We’ve done rewards, we’ve tried charts and bribes, but so far, not a whole lot of success.

Haylee is back at Karate and we’re hoping to see her advance again soon. She loves going, but we are still playing “catch up” with her learning her Kata’s which is something her old Sensei didn’t do with the younger groups. But this dojo runs classes daily, and Kata specific classes several times a week so with enough effort from all of us, she will be caught up in no time now!

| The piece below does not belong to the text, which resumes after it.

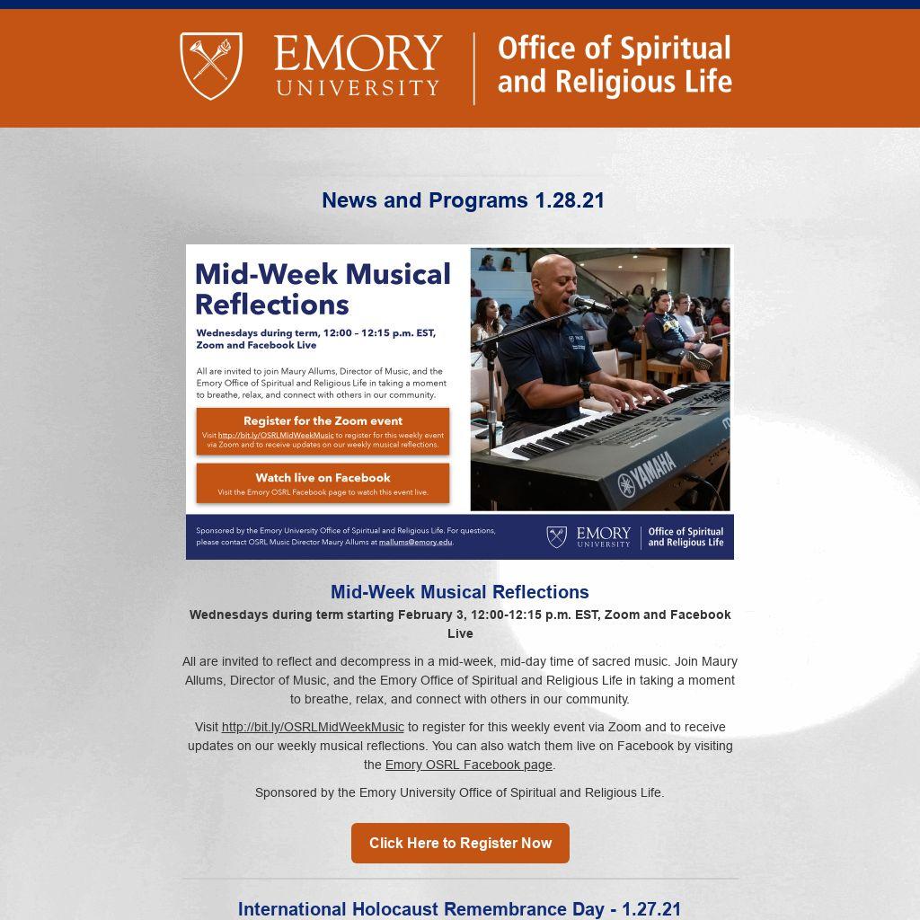 Emory OSRL Enews is published weekly during term by the Emory University Office of Spiritual and Religious Life covering Atlanta-campus programs. For Oxford College spiritual life, please click here. To submit information or to update your preferences, please contact religiouslife@emory.edu.

As for me and my usual inner workings: I’ve been in a strange state of mind the last few weeks. I’m not sure if its the fact that I have been put on hormones for my IVF and then taken off them several times or maybe the fact that they add a new drug with each attempt, but my brain has travelled a gauntlet of emotions and thoughts. In all liklihood I’m still adjusting to our moving as well, although I am used to the city, I’m still quite lonely here. There are days when I simply have no energy, and others where I have to much energy but the circumstances are not quite right to accomplish some things on my list…which in this case have involved things like outdoor trips with Jack which keep getting rained out, or shopping trips that don’t happen to get him a new snowsuit because he is the crankiest bugger that day…but really there is only so much you can control with a 3 year old boy.

But needless to say I love my family and they are awesome.

So I’m not to sure what I had in mind when I started this post, and I think I’ve traveled quite far away from any resemblance of sanity and clear headed writing, but that’s pretty much a perfect example of what I’ve been like lately.

I’ve also had some insomnia which has allowed me to catch up on some ridiculous TV shows over that wonderful Netflix thing. In 5 days I watched all 4 seasons of Californication (only season 1 is there, but I obtained 2-4 else where once I discovered I liked it) and I”m just about done watching My name is Earl…I feel like I should apologize for that, but I like Jason Lee, and the show is pretty much a guaranteed  cheap laugh in every episode.

So now I leave you my friends with this thought…I’m about to go and drink 1 litre of water, change into a flimsy and ugly hospital gown and get ready to be poked and prodded internally by a man in a mask in or the hopes of conceiving a beautiful baby or 2 for some really deserving men.